Author Archives: fatima mannapbekova

In these exercises I learned to use ArcGIS to explore spatial map data of Canada and Washington State in the U.S. while learning about coordinate systems, datums, projections, and spatial data models (raster and vector data). I also learned how to use raster landsat data in the before and after of Mt. St. Helen’s volcanic eruption in 1980 in order to review the listed properties above. 

We learned to read the metadata of shapefiles, layer files and raster data sets in order to give an idea of nature, quality and limitations in the data. Metadata is essentially the data about the data and it is a good idea to read the description tab before starting to work on the data base. Our professor described it as “garbage in, garbage out”, if the metadata does not show quality then the analysis of the data (the map) will also be unreliable.

We then learned to measure the distance between two points by using the Select-by-attribute function on the map of Canada, from Halifax to Vancouver. Which I found was 39.849922 Decimal Degrees or 4, 441, 732.917 Meters

Spacial Reference properties include the Datum, which allows GIS to locate each layer/region in its proper location in the world. ArcGIS allows data sets with different spacial data references to be displayed and aligned on the same projection. This function is called Projection-on-the-fly. I learned to use this function as well as how to change the projection manually by going into the ArcToolbox, Data Management under Projections and Transformations. I did this to align Canada’s lakes and rivers, major cities and national parks. This can be seen under the Table of Contents in the image below.

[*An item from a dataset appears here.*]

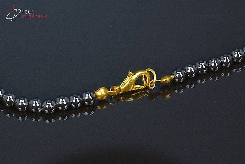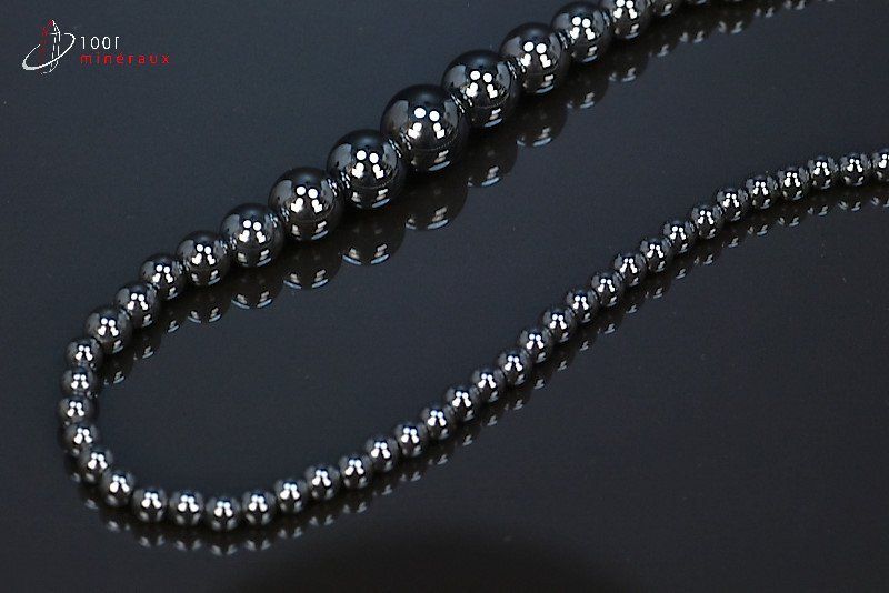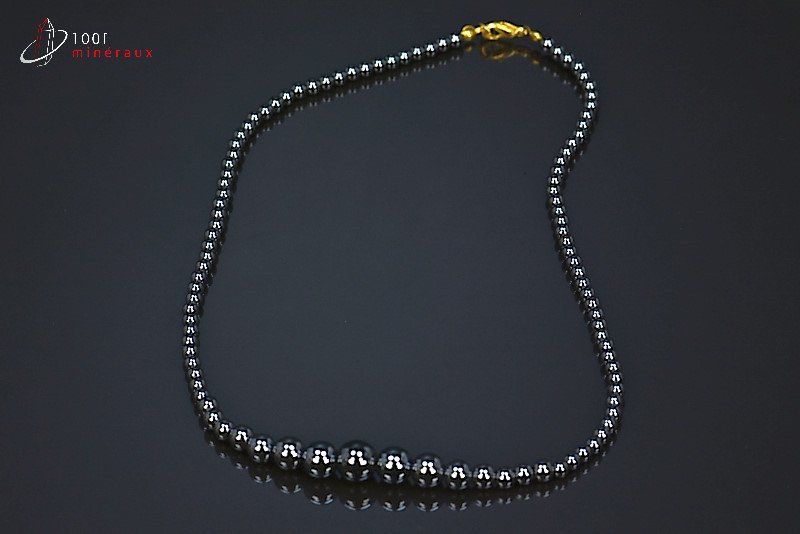 Très joli collier composé de perles rondes (9 à 3 mm) en Hématite avec fermoir doré.

ArcMap Canada’s Rivers, Lakes, Cities and Parks all have different spacial references, but they have been aligned using ArcMap

In class that week we learned about Great Circles. Great Circles are widest possible circle that could be made with a sphere. This is the exact mid-point of a sphere because it creates the largest ring around it. An example of this is the Earth’s Equator. It is the exact mid-point between the North and South Poles. According to the National Geographic “Great circles are also useful in planning routes. The shortest path between two points on the surface of a sphere is always a segment of a great circle. Plotting great circles comes in very handy for airplane pilots trying to fly the shortest distance between two points”. The shape of the Earth is not perfectly spherical it is slightly flattened on the poles, this makes it even harder to be projected into a 2D surface. Maps are 2D interpretations of the Globe which is 3D. When the data is projected into a different coordinate system distance, area, and the angles of points on the sphere are also affected.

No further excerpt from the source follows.